══ Listed records

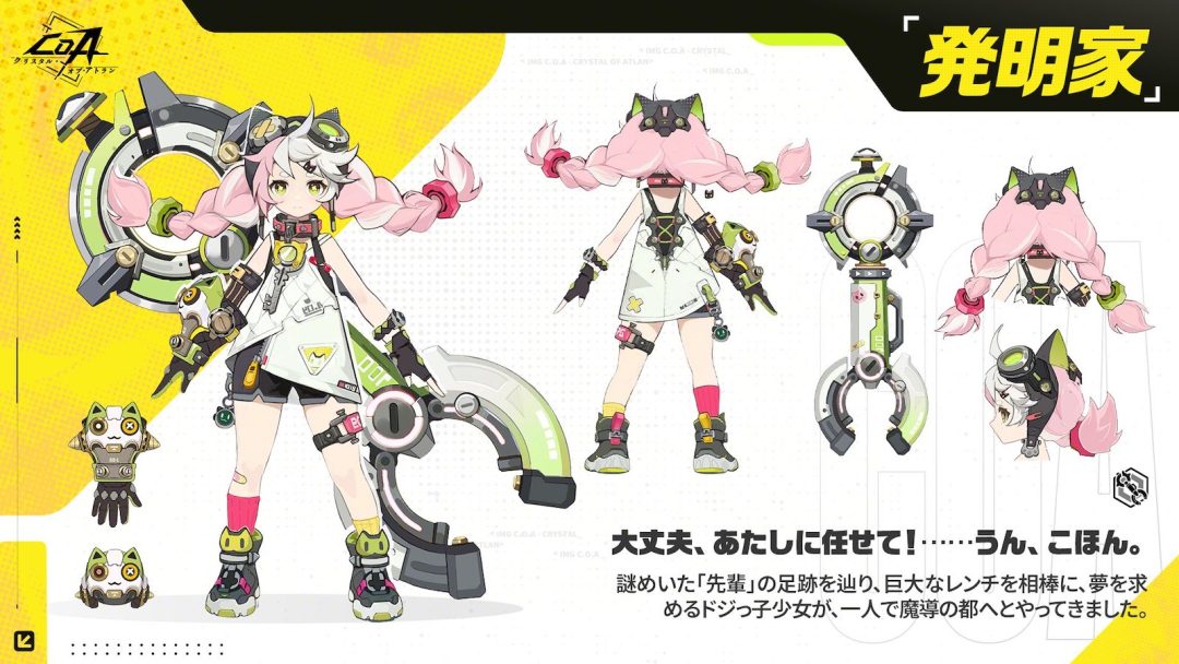『クリスタル・オブ・アトラン』には、それぞれ固有のバトルアクションやスキルを持つさまざまな職業のキャラクターが用意され、それらから選択してプレイする。そして今回のアップデートにて、新職業である「発明家」のジョディ(CV:悠木碧)が正式実装される。多彩で強力な魔導機械を操り、自ら前線に立つよりも、安全圏から敵を殲滅する戦いを得意とする職業だ。
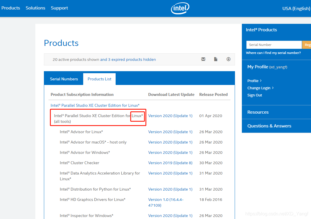 登录完成,选择我们要下载的Intel® Parallel Studio XE Cluster Edition for Linux*版本。
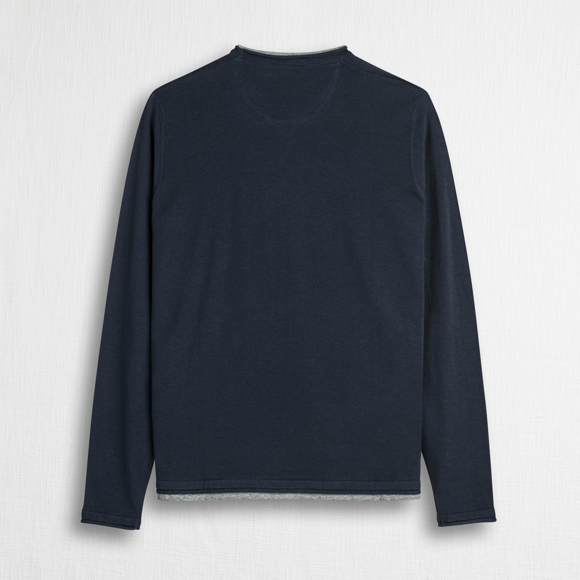 - crew neck with faux t-shirt effect
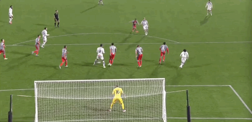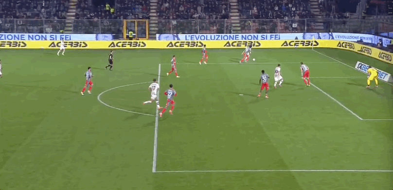 35’ Kostovich tung cú sút từ bên ngoài và thủ môn Cremona đã cứu được bóng
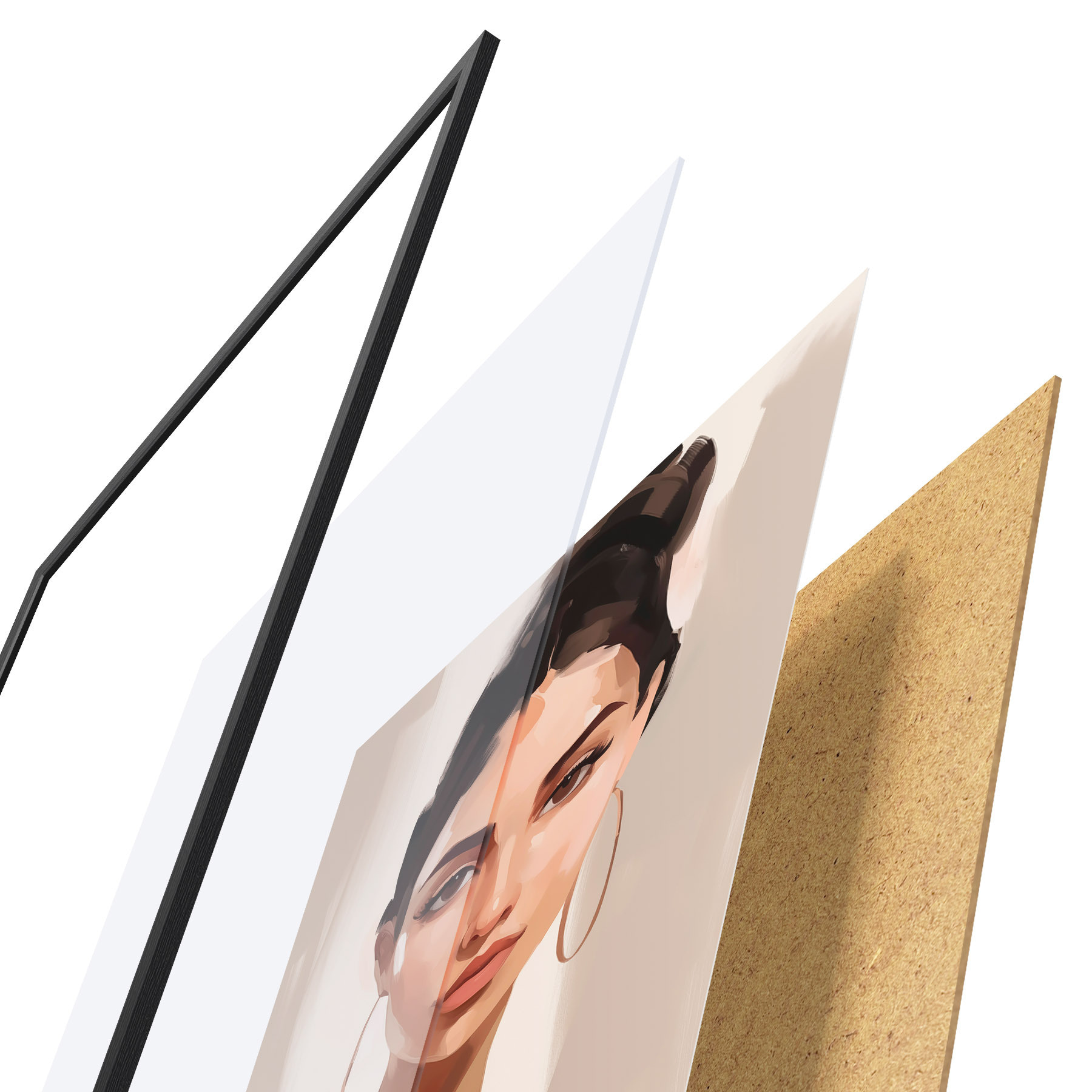 Le poster se compose d'un cadre, d'un plexiglas, d'une image imprimée et d'un support en aggloméré. Le poster peut être immédiatement accroché au mur grâce aux fixations au dos.
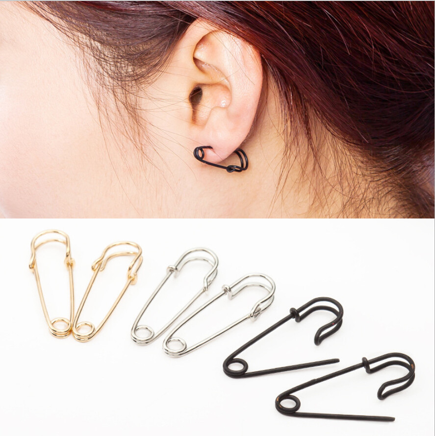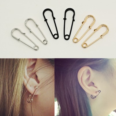 Details About Women Earrings Black Creative Punk Safety Pin Ear Piercing Stud Earring Jewelry
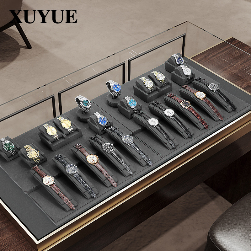 Xuyue new gray microfiber watch flat cabinet display props trapezoidal display stand jewelry watch bracelet seat in stock
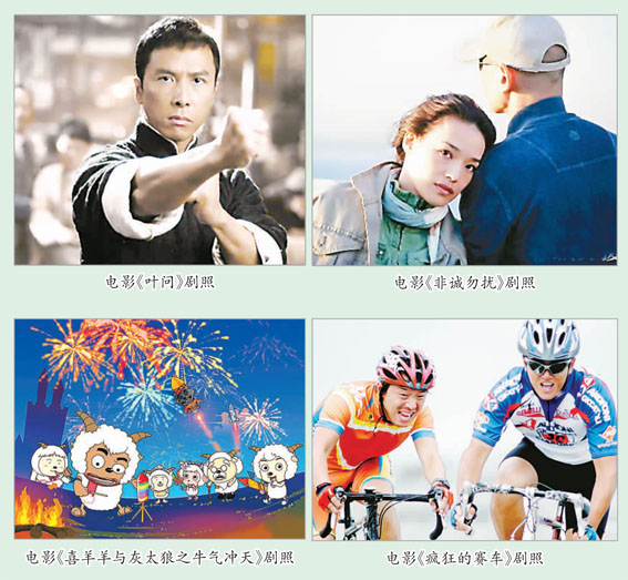其次,古装大片不再是主流,虽然还有《赤壁》一支独秀,但其他影片已不再是古装大片。应该说今年摆脱了前几年贺岁片奢华的面貌,较多地具有包容性,推出了中等成本的影片。像《爱情左右》,票房达到2500万,吸引青年观众甚多。而《梅兰芳》、《叶问》,首日票房也都呈现佳绩,《硬汉》也得到了1000多万的票房。制作成本仅为600万的动画电影《喜羊羊与灰太狼之牛气冲天》,春节期间以“黑马”势头赢得青少年与成人的青睐,全国票房突破8000万元,创造了国产小成本动画影片的票房神话。多样性的题材、主题和风格的影片在今年的贺岁市场里有了很好的发挥与尝试。
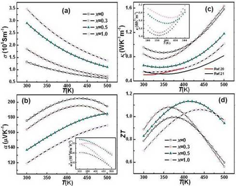 基于半导体材料的塞贝克效应或帕尔贴效应可实现热能与电能直接相互转换,包括热电制冷和热电发电两种应用形式。热电制冷器件具有结构紧凑、无噪声、无磨损、无泄漏等特点,已广泛应用于局部冷却或温度控制;热电发电器件可为无人区信号发射装置、深空探测器、植入式医疗器械等提供电源,更重要的是可以作为一种实现余热能量回收、降低能源消耗的新型发电方式。对于热电转换技术的更大规模应用,目前所存在的关键问题是能量转换效率较低,而这主要取决于材料的热电性能,其表征参数为无量纲ZT值。

════

What needs to be done:
Your answer must be exactly the lines from the one with "35’ Kostovich tung" through the last line of the entries, both included, with no pictures; please add nothing else.

Response box:
 35’ Kostovich tung cú sút từ bên ngoài và thủ môn Cremona đã cứu được bóng
 Le poster se compose d'un cadre, d'un plexiglas, d'une image imprimée et d'un support en aggloméré. Le poster peut être immédiatement accroché au mur grâce aux fixations au dos.
 Details About Women Earrings Black Creative Punk Safety Pin Ear Piercing Stud Earring Jewelry
 Xuyue new gray microfiber watch flat cabinet display props trapezoidal display stand jewelry watch bracelet seat in stock
其次,古装大片不再是主流,虽然还有《赤壁》一支独秀,但其他影片已不再是古装大片。应该说今年摆脱了前几年贺岁片奢华的面貌,较多地具有包容性,推出了中等成本的影片。像《爱情左右》,票房达到2500万,吸引青年观众甚多。而《梅兰芳》、《叶问》,首日票房也都呈现佳绩,《硬汉》也得到了1000多万的票房。制作成本仅为600万的动画电影《喜羊羊与灰太狼之牛气冲天》,春节期间以“黑马”势头赢得青少年与成人的青睐,全国票房突破8000万元,创造了国产小成本动画影片的票房神话。多样性的题材、主题和风格的影片在今年的贺岁市场里有了很好的发挥与尝试。
 基于半导体材料的塞贝克效应或帕尔贴效应可实现热能与电能直接相互转换,包括热电制冷和热电发电两种应用形式。热电制冷器件具有结构紧凑、无噪声、无磨损、无泄漏等特点,已广泛应用于局部冷却或温度控制;热电发电器件可为无人区信号发射装置、深空探测器、植入式医疗器械等提供电源,更重要的是可以作为一种实现余热能量回收、降低能源消耗的新型发电方式。对于热电转换技术的更大规模应用,目前所存在的关键问题是能量转换效率较低,而这主要取决于材料的热电性能,其表征参数为无量纲ZT值。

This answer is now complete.